Les résultats électoraux au Gabon ont systématiquement été truqués depuis des décennies et en particulier, Ali Bongo a été proclamé vainqueur en 2009 dans une présidentielle à un seul tour, avec 41,79 % des voix, devant Pierre Mamboundou (25,64 %) et feu André Mba Obame (décédé en avril dernier suite à une longue et mystérieuse maladie évoquant pour beaucoup un empoisonnement) ; alors que selon toute vraisemblance ce dernier était arrivé largement en tête et qu’Ali Bongo n’était arrivé qu’en troisième position. Ces élections truquées avaient provoqué des émeutes, notamment à Port Gentil, réprimées dans le sang.

Aujourd’hui le Gabon vit un sinistre et très prévisible remake de ce scénario, avec des résultats donnant Ali Bongo vainqueur avec 49,80 % des voix devant le candidat de l’opposition, Jean Ping, un ancien baron du régime d’Omar Bongo et ex-président de la Commission de l’Union Africaine, crédité de 48,23 %. Soit un écart de 5594 voix sur plus de 600 000 inscrits, Ali Bongo ne devant son salut, selon les chiffres officiels, qu’à son miraculeux score de 95,46 % des voix avec 99,93 de participation, dans sa province du Haut Ogooué, alors qu’il était devancé dans les 8 autres provinces…
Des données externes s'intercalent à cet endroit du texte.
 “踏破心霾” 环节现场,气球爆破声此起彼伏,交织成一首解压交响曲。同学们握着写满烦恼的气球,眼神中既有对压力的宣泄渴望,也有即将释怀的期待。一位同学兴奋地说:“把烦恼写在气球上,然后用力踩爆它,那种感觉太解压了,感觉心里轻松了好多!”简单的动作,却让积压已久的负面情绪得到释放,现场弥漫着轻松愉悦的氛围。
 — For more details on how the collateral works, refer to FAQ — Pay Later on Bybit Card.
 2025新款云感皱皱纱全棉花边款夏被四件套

Ce nouveau hold-up électoral a déclenché des manifestations parfois violentes de la part d’un peuple exaspéré, le Parlement a été partiellement incendié, ce qui a donné l’occasion au pouvoir d’une répression à tout va : le QG de Jean Ping a été investi par la garde républicaine, Jean Ping a indiqué des morts et blessés dans l’assaut, dont certains grièvement, et des centaines d’opposants ont été arrêtés, rejoignant derrière les barreaux ceux arrêtés préventivement en juillet.

La communauté internationale qui s’est toujours accommodée du régime Bongo, la France au premier chef dont les grands partis politiques français ont longtemps et beaucoup bénéficié de ses largesses clandestines, s’est montrée cette fois unanime : tant l’Union Européenne que les Etats-Unis ou la France réclament la publication des résultats bureau de vote par bureau de vote pour garantir la transparence (protestations de façade manifestement).
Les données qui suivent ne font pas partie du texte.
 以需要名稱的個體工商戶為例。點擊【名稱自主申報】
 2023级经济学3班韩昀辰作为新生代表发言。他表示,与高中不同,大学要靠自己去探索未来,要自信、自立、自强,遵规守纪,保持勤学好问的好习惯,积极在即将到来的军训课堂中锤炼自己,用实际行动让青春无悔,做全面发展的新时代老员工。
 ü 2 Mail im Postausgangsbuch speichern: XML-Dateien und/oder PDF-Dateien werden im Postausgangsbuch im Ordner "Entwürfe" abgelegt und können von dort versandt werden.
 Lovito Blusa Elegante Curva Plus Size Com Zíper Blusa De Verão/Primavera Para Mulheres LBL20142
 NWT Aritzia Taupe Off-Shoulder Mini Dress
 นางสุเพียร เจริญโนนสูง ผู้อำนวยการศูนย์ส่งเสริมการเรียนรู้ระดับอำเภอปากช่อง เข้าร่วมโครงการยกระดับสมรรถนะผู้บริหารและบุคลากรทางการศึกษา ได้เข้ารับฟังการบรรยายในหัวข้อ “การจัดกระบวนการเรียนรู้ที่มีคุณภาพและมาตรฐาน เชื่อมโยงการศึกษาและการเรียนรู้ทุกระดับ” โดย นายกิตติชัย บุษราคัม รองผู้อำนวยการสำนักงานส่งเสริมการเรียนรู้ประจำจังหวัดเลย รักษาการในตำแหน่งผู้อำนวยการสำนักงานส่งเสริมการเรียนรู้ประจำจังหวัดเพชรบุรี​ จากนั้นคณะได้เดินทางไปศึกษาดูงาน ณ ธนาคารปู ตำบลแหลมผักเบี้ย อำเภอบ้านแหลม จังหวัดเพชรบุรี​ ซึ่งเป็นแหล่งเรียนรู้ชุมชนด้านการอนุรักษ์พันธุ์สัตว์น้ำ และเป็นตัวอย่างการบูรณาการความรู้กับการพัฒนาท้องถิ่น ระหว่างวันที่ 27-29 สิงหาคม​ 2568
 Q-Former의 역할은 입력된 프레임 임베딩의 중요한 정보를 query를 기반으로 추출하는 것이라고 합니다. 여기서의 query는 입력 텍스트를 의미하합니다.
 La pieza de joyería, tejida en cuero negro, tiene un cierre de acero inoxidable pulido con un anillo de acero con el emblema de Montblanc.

EELV assure le peuple gabonais de sa solidarité dans la lutte pour la démocratie, demande la libération des prisonniers politiques gabonais et demande à la communauté internationale, à l’Union européenne et à la France, de ne pas reconnaître la réélection d’Ali Bongo et d’imposer des sanctions à son régime, tout comme à ceux de ses pairs frauduleusement réélus, au Togo, au Congo-Brazzaville et ailleurs…

EELV a organisé, à l’initiative de Régis Essono, une conférence-débat sur les « Élections en Afrique en 2016 » en présence notamment de Delphine Lecoutre (Amnesty international), Laurence Ndong (Coalition Tournons la page), Remy Bazenguissa-Ganga (Directeur d’études, EHESS) et Régis Marzin (journaliste).